▸ Work to complete
In your copy of the data, keep every word exact and include no pictures.
[Dataset extract — start]
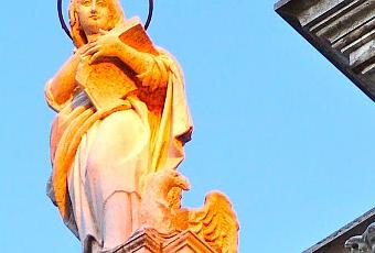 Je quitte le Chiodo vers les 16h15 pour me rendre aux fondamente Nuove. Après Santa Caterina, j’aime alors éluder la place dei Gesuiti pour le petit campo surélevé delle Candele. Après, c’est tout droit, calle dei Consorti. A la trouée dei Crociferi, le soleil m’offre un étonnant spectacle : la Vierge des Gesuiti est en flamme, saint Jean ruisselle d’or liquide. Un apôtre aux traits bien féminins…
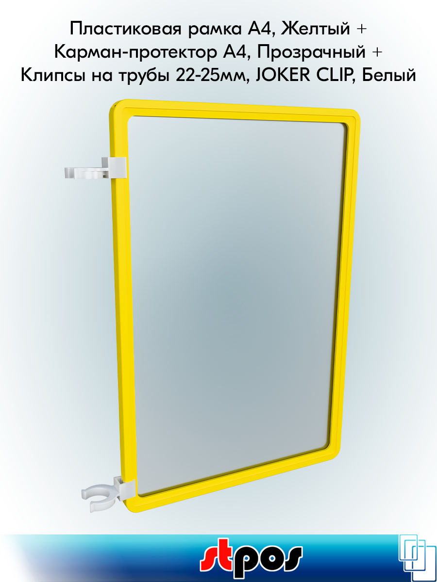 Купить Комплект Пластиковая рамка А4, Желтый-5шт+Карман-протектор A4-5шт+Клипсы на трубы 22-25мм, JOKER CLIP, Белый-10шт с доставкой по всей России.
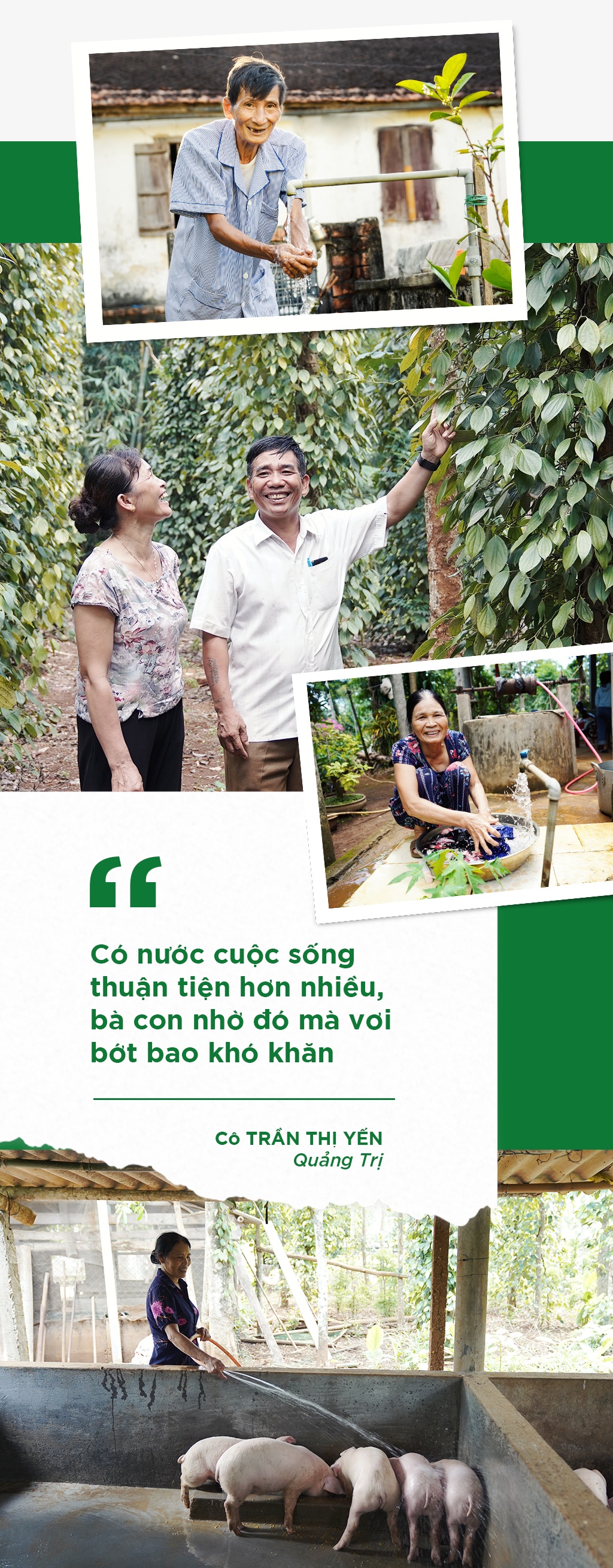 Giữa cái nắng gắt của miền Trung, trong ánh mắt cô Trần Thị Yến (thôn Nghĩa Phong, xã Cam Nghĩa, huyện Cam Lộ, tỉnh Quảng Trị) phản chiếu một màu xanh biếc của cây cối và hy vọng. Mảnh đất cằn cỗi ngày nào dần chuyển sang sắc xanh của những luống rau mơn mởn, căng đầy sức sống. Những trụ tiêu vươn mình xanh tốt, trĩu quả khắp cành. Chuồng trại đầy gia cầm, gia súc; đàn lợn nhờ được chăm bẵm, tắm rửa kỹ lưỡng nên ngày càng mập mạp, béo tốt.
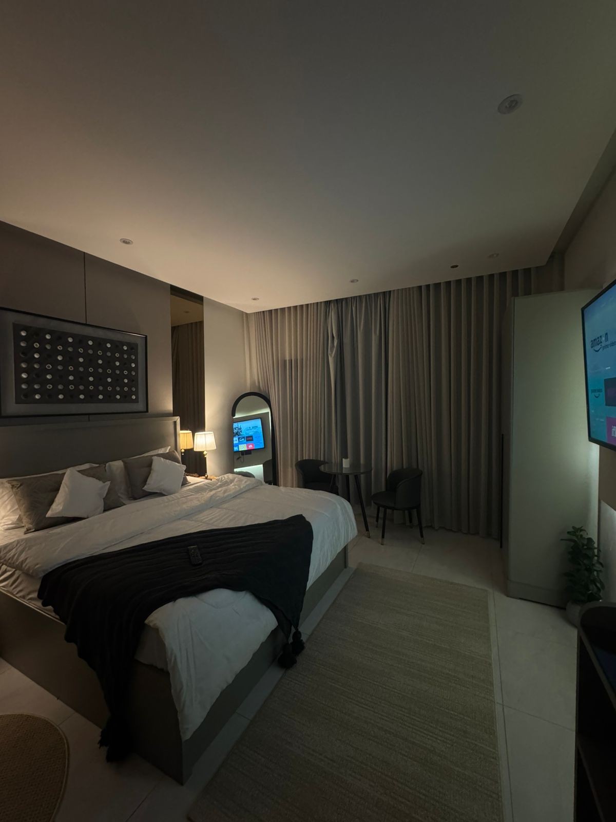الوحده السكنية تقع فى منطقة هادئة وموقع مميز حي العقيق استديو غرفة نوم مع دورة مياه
[Dataset extract — finish]
▸ Solution
 Je quitte le Chiodo vers les 16h15 pour me rendre aux fondamente Nuove. Après Santa Caterina, j’aime alors éluder la place dei Gesuiti pour le petit campo surélevé delle Candele. Après, c’est tout droit, calle dei Consorti. A la trouée dei Crociferi, le soleil m’offre un étonnant spectacle : la Vierge des Gesuiti est en flamme, saint Jean ruisselle d’or liquide. Un apôtre aux traits bien féminins…
 Купить Комплект Пластиковая рамка А4, Желтый-5шт+Карман-протектор A4-5шт+Клипсы на трубы 22-25мм, JOKER CLIP, Белый-10шт с доставкой по всей России.
 Giữa cái nắng gắt của miền Trung, trong ánh mắt cô Trần Thị Yến (thôn Nghĩa Phong, xã Cam Nghĩa, huyện Cam Lộ, tỉnh Quảng Trị) phản chiếu một màu xanh biếc của cây cối và hy vọng. Mảnh đất cằn cỗi ngày nào dần chuyển sang sắc xanh của những luống rau mơn mởn, căng đầy sức sống. Những trụ tiêu vươn mình xanh tốt, trĩu quả khắp cành. Chuồng trại đầy gia cầm, gia súc; đàn lợn nhờ được chăm bẵm, tắm rửa kỹ lưỡng nên ngày càng mập mạp, béo tốt.
الوحده السكنية تقع فى منطقة هادئة وموقع مميز حي العقيق استديو غرفة نوم مع دورة مياه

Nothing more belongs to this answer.